1. A terminal, comprising:

a processor configured to:

setting an operation mode of a codec;

if the set operation mode is associated with a high frame erasure rate FER, partial redundant data of the previous frame and encoded data of the current frame are transmitted through a packet having a predetermined size,

wherein the number of bits of the partial redundancy data and the number of bits of the encoded data are variable according to an encoding type,

wherein a sum of the number of bits of the partial redundancy data and the number of bits of the encoded data is maintained at a predetermined value.

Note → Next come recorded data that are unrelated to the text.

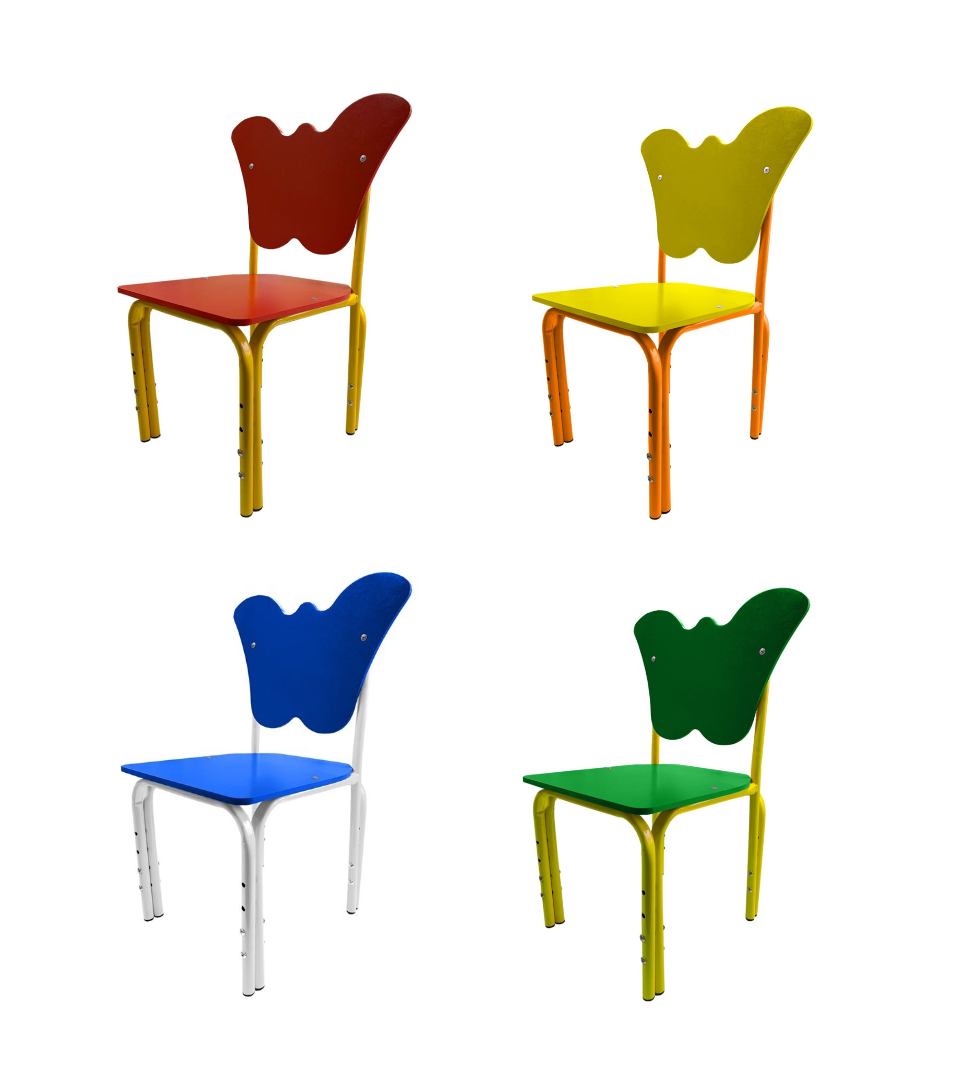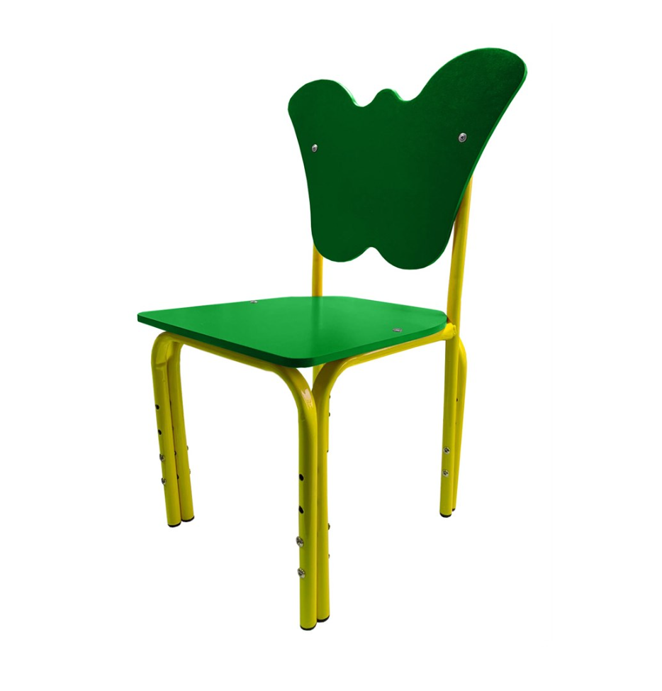 Детские стулья серии «Бабочка» выполнены на основе прочного металлокаркаса из трубы диаметром 16 мм с толщиной стенки 1 мм. Каркас покрыт износостойкой порошковой краской различных цветов, что обеспечивает долговечность стула при активных играх и длительной эксплуатации. Торцы трубы закрыты защитными пластиковыми заглушками.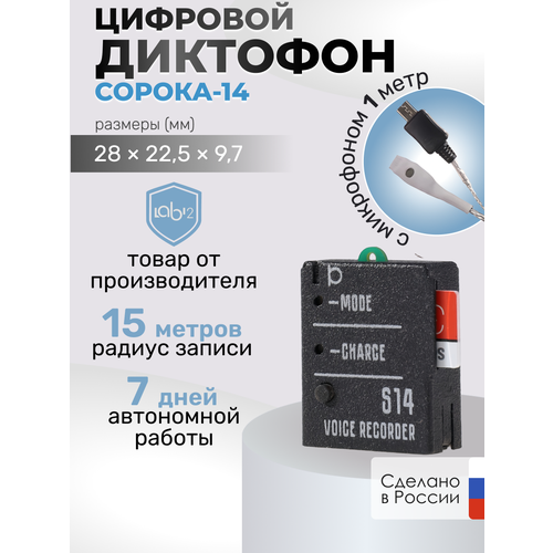 Диктофон "Сорока-14" - это высококачественный цифровой диктофон, который обеспечивает продолжительность работы до 183 часов. Он оснащен функцией активизации по голосу, что позволяет начать запись при обнаружении звука.
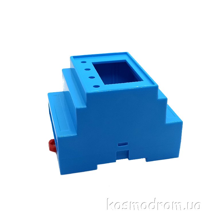 Пластиковый корпус на DIN рейку синего цвета.Из ABS пластика. Габаритные размеры составляют: по длине 72 мм, по ширине 88 мм и по высоте 59 мм. С отверстиями под экран и кнопки

2. The terminal of claim 1, wherein an audio signal including the previous frame and the current frame is encoded based on the encoding type,

wherein the coding type is selected from among a plurality of coding types including an unvoiced coding type, a voiced coding type, and a general coding type.

3. The terminal of claim 1, wherein processor is configured to encode the previous frame and the current frame at a fixed bit rate.

4. The terminal of claim 1, wherein the codec is an Enhanced Voice Service (EVS) codec.

5. A terminal, comprising:

a processor configured to:

determining an operation mode of a codec;

if the determined mode of operation is associated with a high frame erasure rate, FER, the encoded audio signal comprising partially redundant data of the previous frame and encoded data of the current frame is decoded,

wherein the number of bits of the partial redundancy data and the number of bits of the encoded data are variable according to a decoding type,

wherein a sum of the number of bits of the partial redundancy data and the number of bits of the encoded data is maintained at a predetermined value,

wherein the partial redundant data of the previous frame and the encoded data of the current frame are received through a packet having a predetermined size.

6. The terminal of claim 5, wherein the processor is configured to decode the encoded audio signal by using a jitter buffer.

7. The terminal of claim 5, wherein the encoded audio signal is decoded based on the decoding type,

wherein the decoding type is determined from among a plurality of decoding types including an unvoiced decoding type, a voiced decoding type, and a general decoding type.

8. The terminal of claim 5, wherein the codec is an Enhanced Voice Service (EVS) codec.